I use shredded leaves inside my coop, along with hay, straw, chopped wild barley and millet weed. In the outside covered run, i use the leaves whole, as they tend to keep some of the ground from freezing so the girls can scratch.


----------



## Dead Rabbit (Oct 30, 2010)

mygoat said:


> I've given up on everything that isn't either the bagged paper bedding or pine shavings. The paper bedding ISN'T shreds, but little chunks of phone book material. Both it and the pine shavings work KINDA like kitty litter - clumps around the poo and moves well, so hens will scratch in it and actually keep the coop much cleaner because of it. I've tried straw, hay, regular paper SHREDS, and leaves. Hated all of it.



where do you get this shredded phone book material?


----------



## marytx (Dec 4, 2002)

Seems to me when we tried leaves, years ago, they were too slick. Maybe shredding would have helped.

I don't use litter now, but I live in the South. I need to see where I'm putting my feet. (Snakes hide under litter.)


----------



## Caprice Acres (Mar 6, 2005)

Dead Rabbit said:


> where do you get this shredded phone book material?

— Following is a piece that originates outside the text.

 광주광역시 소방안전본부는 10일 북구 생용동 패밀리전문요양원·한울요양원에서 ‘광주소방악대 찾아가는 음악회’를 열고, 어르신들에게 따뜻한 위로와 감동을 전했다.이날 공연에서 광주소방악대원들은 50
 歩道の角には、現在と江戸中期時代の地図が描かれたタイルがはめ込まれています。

I've had to find a local dealer. She's a woman who goes to horse shows all the time and has a booth on the side with equipment. She's just a dealer... I THINK it's a national brand though so perhaps you could get it as well. I'm REALLY loving it, though. Better than shavings, IMO.


----------



## brownegg (Jan 5, 2006)

I just simply rake the dry leaves onto a tarp and place them in the coop. My hens have them shreaded and turned into free bedding in a couple days. They have 10 sq ft each, and still get the job done. Keep it simple and give the girls something to do when not free ranging.
brownegg


----------



## Sonshine (Jul 27, 2007)

We have several pine trees on our property so I've always used pine needles.


----------



## AnnieinBC (Mar 23, 2007)

I wouldn't have thought the leaves would need shredding before they went in the coop. I figured the hens would do that themselves?


----------



## suelandress (May 10, 2002)

We shred because we have 99.5% Oak leaves....they are big, leathery and slick when wet. Maple, birch and such get nice and crisp when they are dry. Oak is different.


----------



## Firefly (Dec 7, 2005)

Bumping because the shredded leaves aren't working so well...

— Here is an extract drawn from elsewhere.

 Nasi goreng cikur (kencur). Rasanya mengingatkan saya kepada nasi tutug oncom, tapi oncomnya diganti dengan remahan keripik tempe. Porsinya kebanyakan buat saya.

Started a new thread, waterfowl bedding.


----------



## marytx (Dec 4, 2002)

I don't think hay is going to be terribly much better than the leaves. I'd go with the shavings.


----------



## cybercat (Mar 29, 2005)

I use wood chips with straw and leaves. Works well. I turn litter in coop once a week. My chickens only sleep in coop and free range all day. Litter in nice and deep over six inches for winter to help keep coop warm. I do not let them out till about 10 am so they scratch round in litter till them looking for bugs or seed or leftover feed.


----------



## mammabooh (Sep 1, 2004)

I've done it in the past, but like others have said, they don't absorb much.

I don't know if it's an option with your coop design, but I have a poop-catcher box under my roost. This catches all of the nighttime poop so the floor stays much drier. This way, I'm able to use the space under the roost to hang the feeder and waterer. The roosts lift off for easy cleaning (I use a dust pan and put the poo and shavings into an old feed bag and take it directly out to something that needs some fertilizer or to the compost pile). My chickens have been roosting since sometime in July (they hatched in April) and I haven't had to clean anything but the roost box (I do that every week or two).


----------



## jwal10 (Jun 5, 2010)

I have been using them mixed with a little shredded hay, works good here. I put them on one end of the coop and they work it across the coop and under the roost. I have a 1' high x 4' wide flip up door at floor level in the end of the coop and use a garden rake to pull them out every 2 weeks. What is left is pretty small and mixed with manure by then, goes straight to the composter. Seems to work well. I try to use what I have and adjust my practices to make it work. I am thrifty. I think this winter, besides wheat for sprouting, spices, rabbit pellets and cracked oat screenings I am able to raise what I need on this one acre and gleaning from the surrounding forest. Very rewarding....James


----------



## suelandress (May 10, 2002)

I don't think I'd use leaves with ducks and geese. they are just too messy.


----------



## Firefly (Dec 7, 2005)

jwal10 said:


> I have been using them mixed with a little shredded hay, works good here. I put them on one end of the coop and they work it across the coop and under the roost. I have a 1' high x 4' wide flip up door at floor level in the end of the coop and use a garden rake to pull them out every 2 weeks. What is left is pretty small and mixed with manure by then, goes straight to the composter. Seems to work well. I try to use what I have and adjust my practices to make it work. I am thrifty. I think this winter, besides wheat for sprouting, spices, rabbit pellets and cracked oat screenings I am able to raise what I need on this one acre and gleaning from the surrounding forest. Very rewarding....James


James, I have to assume you're talking about chickens. I can't see my ducks working anything across the coop But I'm very impressed that you can feed yourself almost entirely from one acre of land! I'm not much of a gardener. What do you glean from the forest?


----------



## bee (May 12, 2002)

When I can get them I keep bags of dry MAPLE leaves to freshen the coops in the winter...smells heavenly and they are free.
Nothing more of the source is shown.